[haiku-development] Rant about quality and testing

  • From: Stephan Assmus <superstippi@xxxxxx>
  • To: haiku-development@xxxxxxxxxxxxx
  • Date: Sun, 27 Feb 2011 14:23:04 +0100

Hi all,

I would like to get something off my chest which is on my mind lately about the quality of some changes to Haiku and about the testing (or lack thereof) that seems to be performed.

It's dangerous to write such an email, for two reasons: Firstly I know that we are all in it for the fun, and I don't want to spoil the fun for anyone. But I figure I will have to mention some example changes in this mail, since without them you probably don't know what I am talking about and why I find it justified to rant about it. However I don't want the people responsible for the examples to feel bad. Secondly, I have been responsible for similar changes myself in the past, and I will probably make such mistakes again. Therefor, take what follows with a grain of salt and only as a reminder of what might be improved. I believe it can be beneficial to read such a rant once in a while, it may raise the quality of changes, at least for a while. :-D

We can basically work on two different types of things in Haiku. It's either something new or broken anyway, no one is seriously using it and depending on it. The second type are components that are crucial to the work flows each of us use to get stuff done right in Haiku.

Over the last couple of days, I've just fixed or looked at too many problems in Haiku which are simply caused by lack of testing before committing them into the source tree, and which affect components that are crucial. I have very little time for Haiku, and when I do find some time on the weekend, I don't want to spend it running into one problem after the other, in things that worked perfectly fine before.

Today it went something like this: I wanted to look at a problem in AboutSystem with the building of the translated Haiku license string. Basically, the translated name for the license is inserted broken. Now, this means someone didn't test their changes. Either it was a contributor of a patch. Then the lack of testing began there, and continued at the committer of the patch who didn't test it properly either and just trusted the contributor. When I wanted to log the bug from WebPositive in Haiku, I could not log into Trac. "Protocol not supported". HTTPS is not supported in WebPositive anymore, I suspect because of the very recent update of libcurl. Again, something was replaced that worked perfectly fine before, without the necessary testing. WebPositive is a tool that I suspect many are using when they use Haiku. So extra care has to be taken when changing it or components that it depends on. Especially so when you make a commit for no obvious benefit. Then I wanted to look at the AboutSystem problem myself, but now Pe does not open, because there is a problem with a missing libpcre. Again, some package was changed without proper testing prior to the commit. That just did for today and now I am writing this mail.

Yesterday I fixed a problem in libtracker's StatusWindow. Someone committed a fix for a Coverty issue, but actually changed more at the time and removed some locking and unlocking. Again, without doing any testing. The bug caused by this went unnoticed for some time, because most people don't try to pause and unpause their Tracker jobs. Consider the time this has caused the project: Alex Wilson was irritated and did some debugging, since he thought he caused the problem. Phillippe, I think it was, figured out the responsible commit by looking it up, I looked at the problem yet again and committed the fix (mostly just restoring what was removed in error).

Another example is the mail_daemon. Clemens developed the changes in a branch, which was the absolutely right thing to do when working on a component that many people may be using and relying on. Then he asked whether he should finally merge his changes back to trunk. I was in favor of this, since I assumed he developed the new mail_daemon to a point where it worked better than before, and he couldn't see any big problems on his side and with his workflow, so he needed the additional exposure. IMHO, the changes were not ready to be merged, since there were numerous problems still present that should have been addressed in the branch, since it was easy to see them during testing. I think I remember one comment from Clemens mentioning that he only tested in a VM so far and didn't really use the new mail_daemon himself (after the merge).

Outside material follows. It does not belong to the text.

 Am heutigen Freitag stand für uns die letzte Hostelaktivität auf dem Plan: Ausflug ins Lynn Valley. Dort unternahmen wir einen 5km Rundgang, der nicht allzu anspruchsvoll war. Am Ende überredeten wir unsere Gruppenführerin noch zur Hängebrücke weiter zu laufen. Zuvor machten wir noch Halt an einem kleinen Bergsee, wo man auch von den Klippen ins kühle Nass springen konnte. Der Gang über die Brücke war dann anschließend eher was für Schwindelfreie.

Another exmaple are the networking changes that frequently broke DHCP. Some of them could not be revealed by testing, since they only showed up on certain hardware, but the most recent breakage was caused by an endianess issues that would have shown up with testing (I believe).

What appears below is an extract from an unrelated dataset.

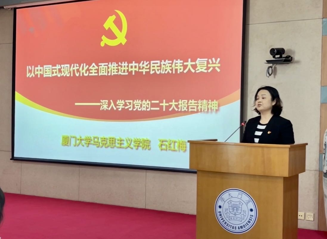 3月14日下午,在颂恩楼220报告厅,为进一步深入学习宣传贯彻党的二十大精神,促进党员相互学习交流,形成“共建组织、共抓队伍、共享资源、共谋发展”的党支部建设新格局,审计处党支部联合财务处、科技处、社科处、基建处、中医系、建筑与土木工程学院党政后勤教工党支部、管理学院2021级审计专硕支部等8个党支部开展共建联学主题党日活动,邀请厦门大学学习贯彻党的二十大精神宣讲团成员、马克思主义学院党委书记石红梅教授为全体党员作《以中国式现代化全面推进中华民族伟大复兴——深入学习党的二十大精神》的专题辅导报告。会议由校机关党委委员廖青同志主持。

So, this is a rant mostly meant as a reminder that the quality of your work does affect other people. Those people may have very little time for Haiku only, and they don't want to spend it on problems that to them look like problems that could have been avoided with minimal testing. If you have the time to work on something, do take the extra time to do the proper testing. Even if you get only half as many changes committed that way, it just causes less frustration for everyone and sucks up less time in the aftermath.